Increasingly, real money is at stake with firms’ reliance on AI models. In February 2021, leaders at Zillow made a large bet based on their machine learning models that predicted the values of homes. Not only would it make these estimates, but often Zillow would itself purchase the homes its model priced, through a related business called Zillow Offers.
Just eight months later, Zillow wound down Zillow Offers and took a USD 304 million inventory write-down. The cause, the company said, was buying many homes for prices above what it believed it could sell them for. The company’s stock dove, and Zillow laid off about 25% of its staff.

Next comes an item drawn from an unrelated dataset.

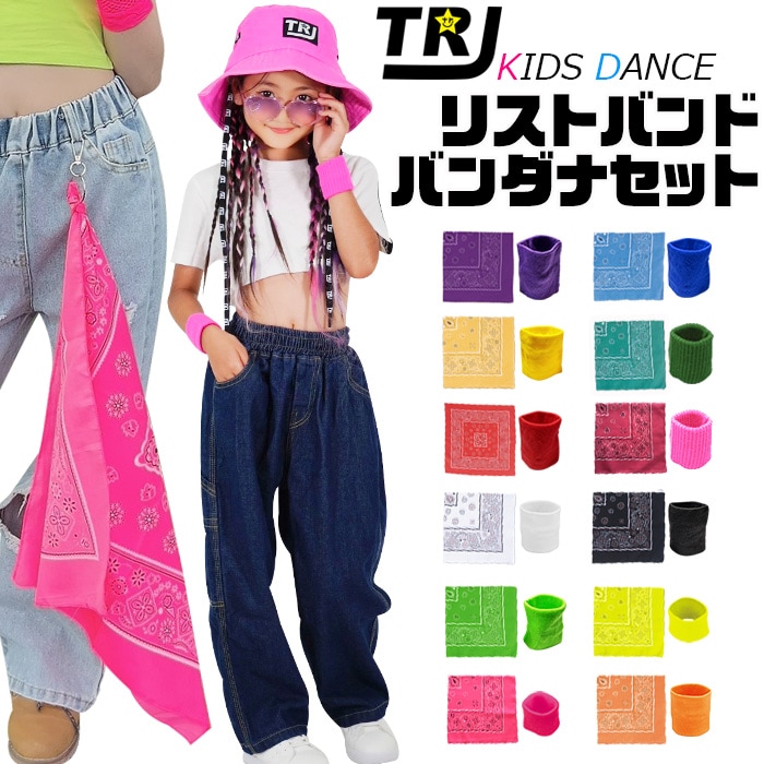 正午まで当日発送(土日祝除く)ダンスコーデ 2種セット バンダナ+リストバンド ペイズリー 女の子 小物 キッズ ジュニア 子供用...

To blame? Its AI model wasn’t accurate enough to weather the market ahead. Its predictions and forecasts did not match the actual values of homes.1
As ML models spread into healthcare, hiring and criminal justice, the cost of poor evaluation can cause real harm to real people. Across data science and industry, getting model evaluation metrics right has become an important part of deploying AI responsibly.
Different models are meant to do different things.
Classification models label incoming data as belonging to one of a few categories. (A model that flags a patient as having sepsis, or not, is a classification model.)
Regression models instead output a number along a continuum. (Zillow’s home prices model was a regression model.)
The different model types require different kinds of testing. Often, triangulating performance through multiple metrics is ideal because no single metric is without its uncertainties.
Some models address “classification problems,” meaning they carve up the world into categories. Classification metrics are similarly blunt. Model accuracy is fairly intuitive: It takes the number of correct predictions and divides that by the total number. (In machine learning, the word “prediction” refers to the educated guesses models make—even if the guess is about something happening now, rather than in the future.)
The problem with model accuracy is that a high number can lull stakeholders into a false sense of security. A model meant to detect a rare but catastrophic event (say, a certain kind of cancer) might reflexively classify every scan as negative. It would receive high model accuracy, because 99.99% of those negative readings would be correct. But this high accuracy would be cold comfort to the poor patient who received the rare false negative. The model was accurate in a technical sense, but didn’t do its job.
It becomes useful to carve up a classification model’s performance into the types of predictions, or educated guesses, that it makes. In a binary classification task—like cancer detection—there are four possible outcomes (when arrayed in a 2x2 grid, this framework is often called a “confusion matrix”):
Already one can begin to see why it is worthwhile to break out these categories. A false positive cancer diagnosis would no doubt be traumatic, until further testing revealed the episode to be a medical scare. But a false negative reading can be fatal.
Data science practitioners have developed an array of submetrics to probe the performance of classifiers and assess the relationships among the quadrants of the confusion matrix.
The metric called precision asks, of all the positive predictions a classifier made, how many were correct?
A car-mounted image-recognizing algorithm passes 10 intersections on a test course, six of which have stop signs. Yet to say a model “caught all six stop signs” would be to elide key potential differences in precision. If it flagged all six accurately and did not produce false positives, then it had a precision of 6/6, or 100%. However, if it flagged those six but also hallucinated four stop signs that were not there, its precision was only 6/10, or a mere 60%.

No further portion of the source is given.